**Task details**. In this exercise, print only the lines of the records below from the one with "在本次活動進行過程中,調查小" through the one with "커널에서는 구조체를 오브젝트라", inclusive. Pictures are not part of the copy.

**Given data**.

========

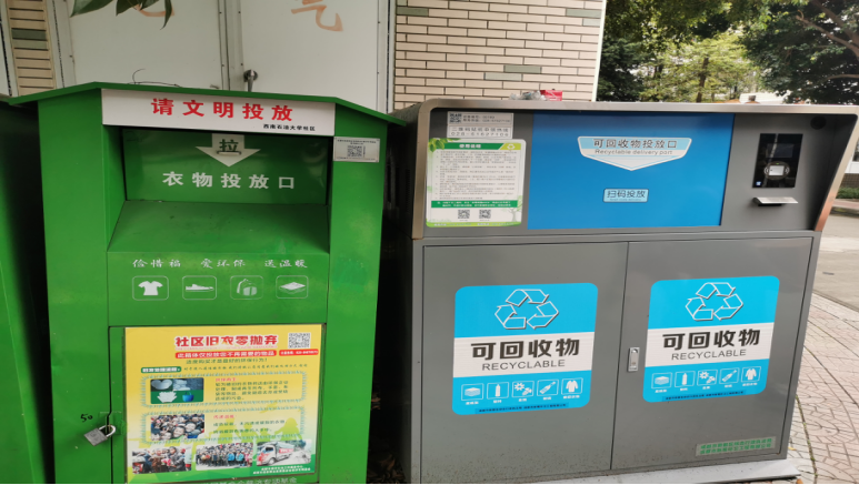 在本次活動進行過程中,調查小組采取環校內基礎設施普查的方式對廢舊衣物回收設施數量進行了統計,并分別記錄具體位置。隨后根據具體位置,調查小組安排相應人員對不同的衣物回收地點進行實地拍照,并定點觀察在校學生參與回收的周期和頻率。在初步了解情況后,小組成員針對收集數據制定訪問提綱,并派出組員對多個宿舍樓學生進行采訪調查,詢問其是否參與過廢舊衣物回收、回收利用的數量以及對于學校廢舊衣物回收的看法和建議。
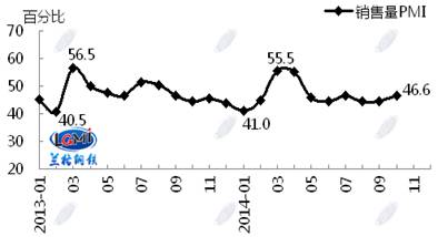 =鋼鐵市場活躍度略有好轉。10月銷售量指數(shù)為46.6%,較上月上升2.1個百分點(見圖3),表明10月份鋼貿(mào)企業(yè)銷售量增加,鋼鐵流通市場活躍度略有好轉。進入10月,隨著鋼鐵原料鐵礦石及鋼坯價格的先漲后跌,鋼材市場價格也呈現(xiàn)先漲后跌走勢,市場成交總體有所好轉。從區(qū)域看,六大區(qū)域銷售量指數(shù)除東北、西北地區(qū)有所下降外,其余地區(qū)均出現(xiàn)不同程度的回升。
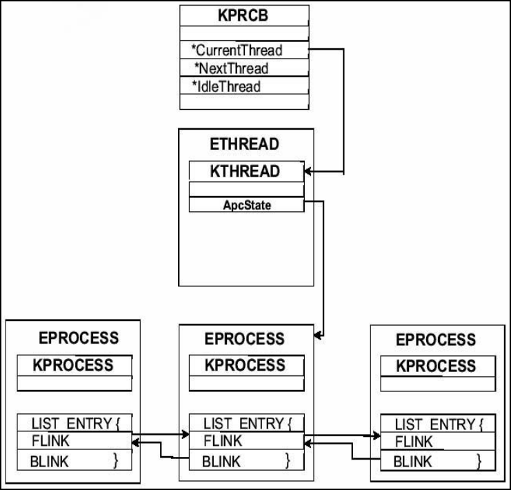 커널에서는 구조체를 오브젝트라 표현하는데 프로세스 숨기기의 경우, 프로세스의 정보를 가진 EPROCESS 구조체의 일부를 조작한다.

========

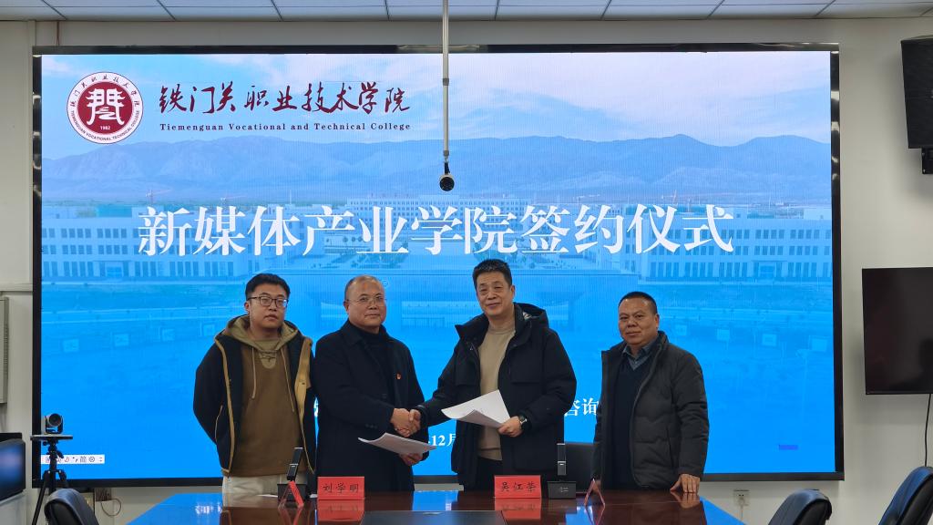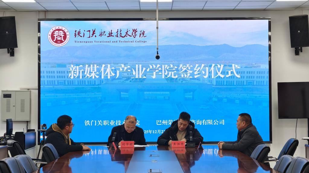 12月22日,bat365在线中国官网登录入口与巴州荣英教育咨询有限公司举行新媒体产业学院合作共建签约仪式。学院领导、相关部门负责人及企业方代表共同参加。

========

**Completed task**.
 在本次活動進行過程中,調查小組采取環校內基礎設施普查的方式對廢舊衣物回收設施數量進行了統計,并分別記錄具體位置。隨后根據具體位置,調查小組安排相應人員對不同的衣物回收地點進行實地拍照,并定點觀察在校學生參與回收的周期和頻率。在初步了解情況后,小組成員針對收集數據制定訪問提綱,并派出組員對多個宿舍樓學生進行采訪調查,詢問其是否參與過廢舊衣物回收、回收利用的數量以及對于學校廢舊衣物回收的看法和建議。
 =鋼鐵市場活躍度略有好轉。10月銷售量指數(shù)為46.6%,較上月上升2.1個百分點(見圖3),表明10月份鋼貿(mào)企業(yè)銷售量增加,鋼鐵流通市場活躍度略有好轉。進入10月,隨著鋼鐵原料鐵礦石及鋼坯價格的先漲后跌,鋼材市場價格也呈現(xiàn)先漲后跌走勢,市場成交總體有所好轉。從區(qū)域看,六大區(qū)域銷售量指數(shù)除東北、西北地區(qū)有所下降外,其余地區(qū)均出現(xiàn)不同程度的回升。
 커널에서는 구조체를 오브젝트라 표현하는데 프로세스 숨기기의 경우, 프로세스의 정보를 가진 EPROCESS 구조체의 일부를 조작한다.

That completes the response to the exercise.